Retype each line of the material below word for word; pictures stay out.

- **Source data**:
•••••

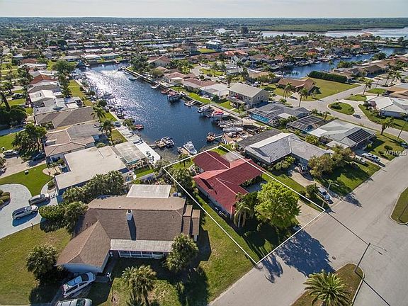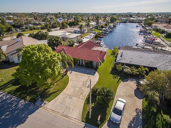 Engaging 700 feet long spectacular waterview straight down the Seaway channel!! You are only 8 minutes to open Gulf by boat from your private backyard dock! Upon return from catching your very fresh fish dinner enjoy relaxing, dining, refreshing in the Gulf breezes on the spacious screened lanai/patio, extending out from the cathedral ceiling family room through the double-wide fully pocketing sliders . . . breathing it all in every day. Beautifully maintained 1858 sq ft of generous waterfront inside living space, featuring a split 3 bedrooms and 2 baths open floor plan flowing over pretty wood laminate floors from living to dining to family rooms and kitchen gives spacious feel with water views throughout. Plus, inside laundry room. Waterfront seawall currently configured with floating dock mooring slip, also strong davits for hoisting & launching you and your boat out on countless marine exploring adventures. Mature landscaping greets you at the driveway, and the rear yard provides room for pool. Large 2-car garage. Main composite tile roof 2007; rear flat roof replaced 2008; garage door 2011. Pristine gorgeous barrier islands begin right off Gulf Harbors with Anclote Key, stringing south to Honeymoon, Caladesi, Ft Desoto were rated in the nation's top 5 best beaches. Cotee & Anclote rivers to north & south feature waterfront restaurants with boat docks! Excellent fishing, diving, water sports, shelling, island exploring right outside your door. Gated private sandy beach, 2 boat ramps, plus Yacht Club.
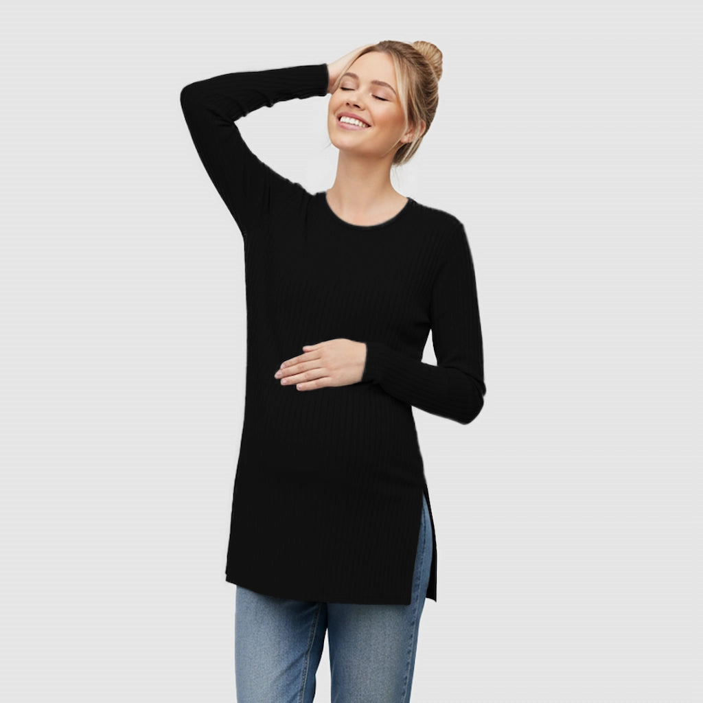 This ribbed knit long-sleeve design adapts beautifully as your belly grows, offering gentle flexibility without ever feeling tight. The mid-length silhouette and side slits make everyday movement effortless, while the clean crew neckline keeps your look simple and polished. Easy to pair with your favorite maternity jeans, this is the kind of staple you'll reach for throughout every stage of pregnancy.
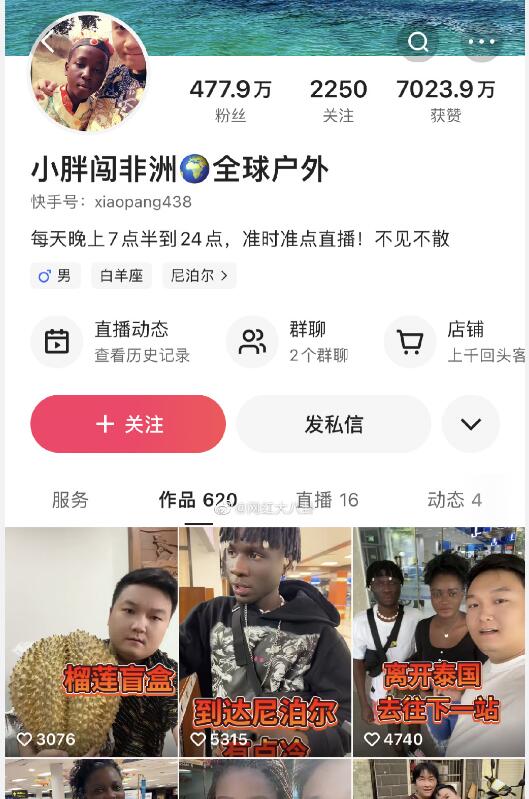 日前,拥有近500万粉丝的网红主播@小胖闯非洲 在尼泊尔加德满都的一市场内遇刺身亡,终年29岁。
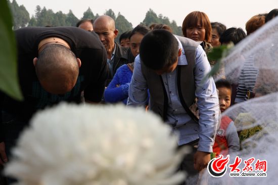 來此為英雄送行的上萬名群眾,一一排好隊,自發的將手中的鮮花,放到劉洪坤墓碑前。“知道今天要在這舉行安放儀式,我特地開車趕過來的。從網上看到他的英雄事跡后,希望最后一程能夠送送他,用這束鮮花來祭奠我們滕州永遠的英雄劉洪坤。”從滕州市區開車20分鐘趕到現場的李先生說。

•••••

- **Worked solution**:
 Engaging 700 feet long spectacular waterview straight down the Seaway channel!! You are only 8 minutes to open Gulf by boat from your private backyard dock! Upon return from catching your very fresh fish dinner enjoy relaxing, dining, refreshing in the Gulf breezes on the spacious screened lanai/patio, extending out from the cathedral ceiling family room through the double-wide fully pocketing sliders . . . breathing it all in every day. Beautifully maintained 1858 sq ft of generous waterfront inside living space, featuring a split 3 bedrooms and 2 baths open floor plan flowing over pretty wood laminate floors from living to dining to family rooms and kitchen gives spacious feel with water views throughout. Plus, inside laundry room. Waterfront seawall currently configured with floating dock mooring slip, also strong davits for hoisting & launching you and your boat out on countless marine exploring adventures. Mature landscaping greets you at the driveway, and the rear yard provides room for pool. Large 2-car garage. Main composite tile roof 2007; rear flat roof replaced 2008; garage door 2011. Pristine gorgeous barrier islands begin right off Gulf Harbors with Anclote Key, stringing south to Honeymoon, Caladesi, Ft Desoto were rated in the nation's top 5 best beaches. Cotee & Anclote rivers to north & south feature waterfront restaurants with boat docks! Excellent fishing, diving, water sports, shelling, island exploring right outside your door. Gated private sandy beach, 2 boat ramps, plus Yacht Club.
 This ribbed knit long-sleeve design adapts beautifully as your belly grows, offering gentle flexibility without ever feeling tight. The mid-length silhouette and side slits make everyday movement effortless, while the clean crew neckline keeps your look simple and polished. Easy to pair with your favorite maternity jeans, this is the kind of staple you'll reach for throughout every stage of pregnancy.
 日前,拥有近500万粉丝的网红主播@小胖闯非洲 在尼泊尔加德满都的一市场内遇刺身亡,终年29岁。
 來此為英雄送行的上萬名群眾,一一排好隊,自發的將手中的鮮花,放到劉洪坤墓碑前。“知道今天要在這舉行安放儀式,我特地開車趕過來的。從網上看到他的英雄事跡后,希望最后一程能夠送送他,用這束鮮花來祭奠我們滕州永遠的英雄劉洪坤。”從滕州市區開車20分鐘趕到現場的李先生說。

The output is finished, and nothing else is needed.